• _What you have to do_: Nothing but the lines below from the one with "2、通过继电器带动夹子模拟是" through the one with "Lot 957 New" should be output, each exactly as given, and no pictures.

┌─ Provided records

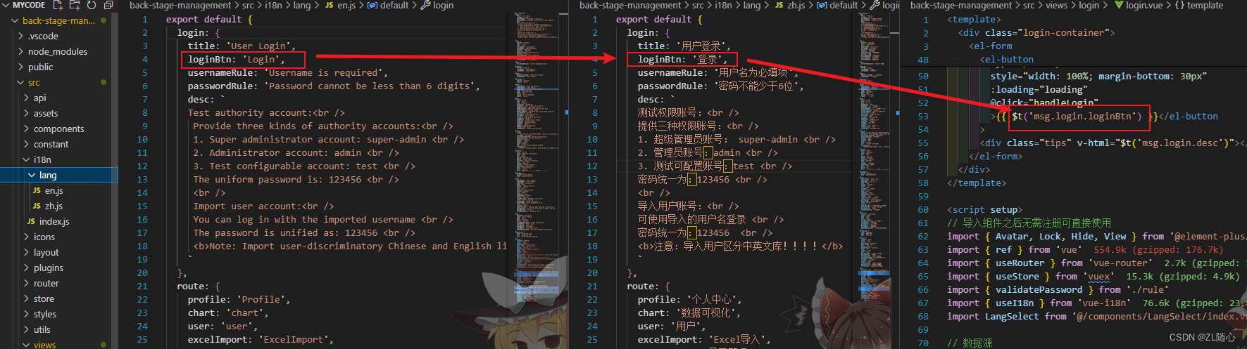 主要是切换国际化,这里简单文字代替,实际使用的话就根据自己的需要搞,文件中有相关vuex代码,都会放在开头仓库里面。
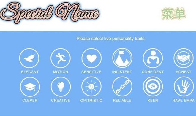 Trang web đưa ra 12 đặc điểm tính cách con người như nhạy cảm, trung thực, tự tin... để các bậc phụ huynh chọn 5 điều mình mong muốn ở con. Sau đó, web tiến hành phân tích và đưa ra 3 tên phù hợp với những tiêu chí đó.
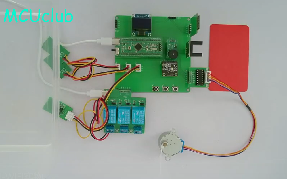 2、通过继电器带动夹子模拟是否开启相应输液瓶(当启动1号输液瓶时,1号继电器断开,其他号的继电器闭合夹住,依次类推)
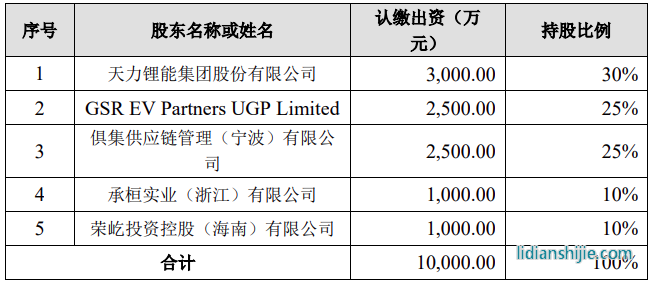 值得注意的是,新成立公司的股東之一俱集供應鏈管理(寧波)有限公司,是天力鋰能控股股東王瑞慶、李雯間接控股企業,天力鋰能持有其40%股權,且天力鋰能董事長之子王宇騰擔任俱集供應鏈公司的董事。
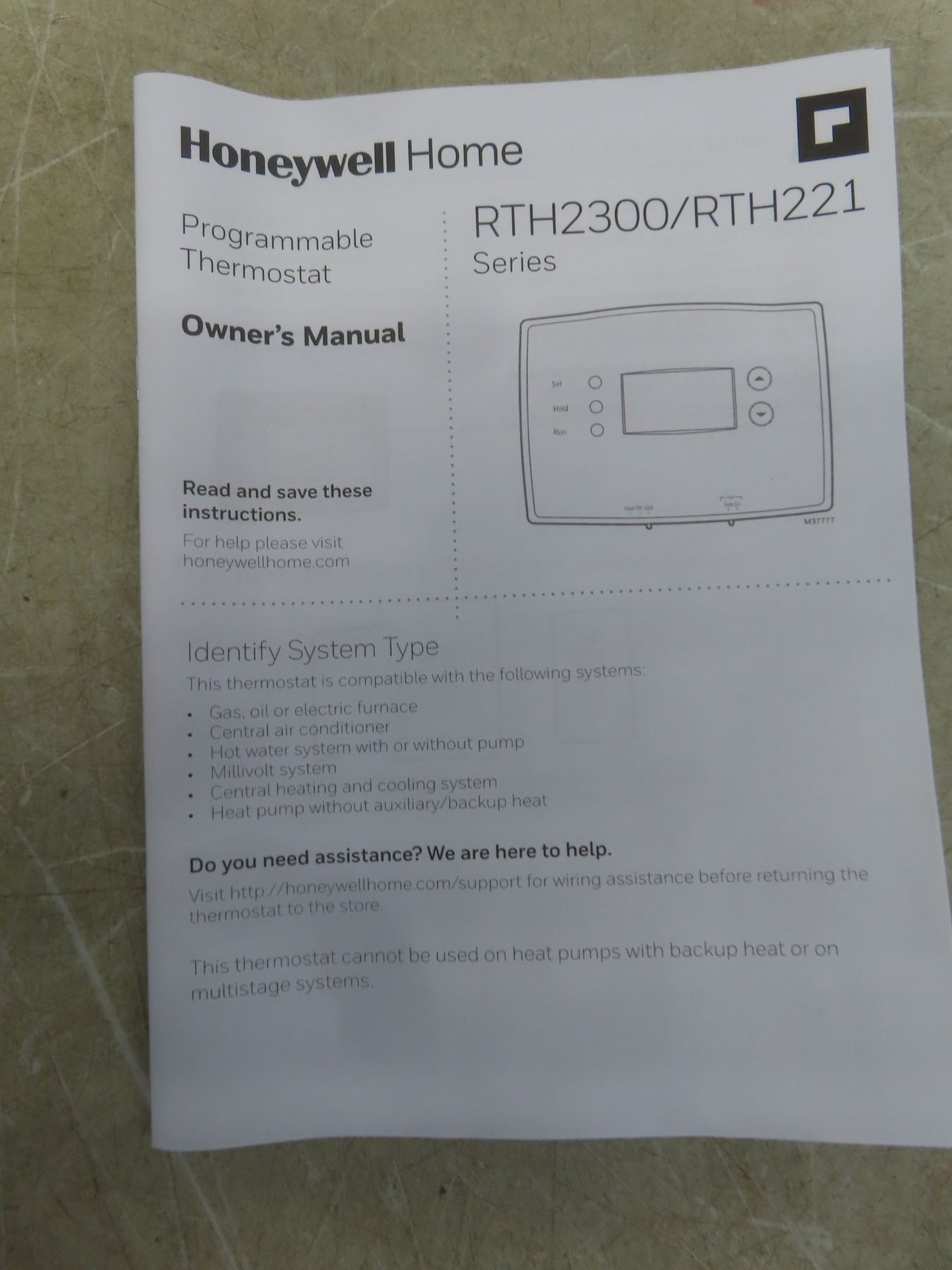 Lot 957 New Honeywell Programmable Thermostat – Model RTH221B
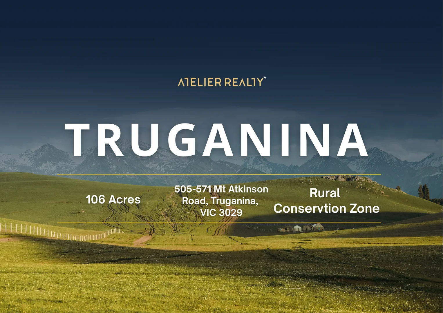Description: BigginScott presents for sale, 505-571 Mt Atkinson Road Truganina. An exceptionally rare opportunity to secure a substantial land holding totalling 42.50 ha* within prime location in a core western market surrounded by institutional developers and major occupiers. Benefit from major infrastructure projects both underway and proposed to significantly enhance connectivity. 526 metres frontage. The property sits close to Troups Road Logistics Estate, offering excellent access to Melbourne's arterial road network, including the Western Freeway and the M80 Metropolitan Ring Road. Currently zoned RCZ (Rural Conservation Zone). Link to Melton planning scheme for potential uses: https://lchka-schemes-production.s3.ap-southeast-2.amazonaws.com/au/vic/melton/zone/VPP/35.06-rural-conservation-zone.pdf Call Romy Gakhar on 0430 521 119 for further details!!! Interested parties should conduct their own Due Diligence prior to making any offers. Due Diligence Checklist - http://www.consumer.vic.gov.au/duediligencechecklist

└─

• _Completed exercise_:
 2、通过继电器带动夹子模拟是否开启相应输液瓶(当启动1号输液瓶时,1号继电器断开,其他号的继电器闭合夹住,依次类推)
 值得注意的是,新成立公司的股東之一俱集供應鏈管理(寧波)有限公司,是天力鋰能控股股東王瑞慶、李雯間接控股企業,天力鋰能持有其40%股權,且天力鋰能董事長之子王宇騰擔任俱集供應鏈公司的董事。
 Lot 957 New Honeywell Programmable Thermostat – Model RTH221B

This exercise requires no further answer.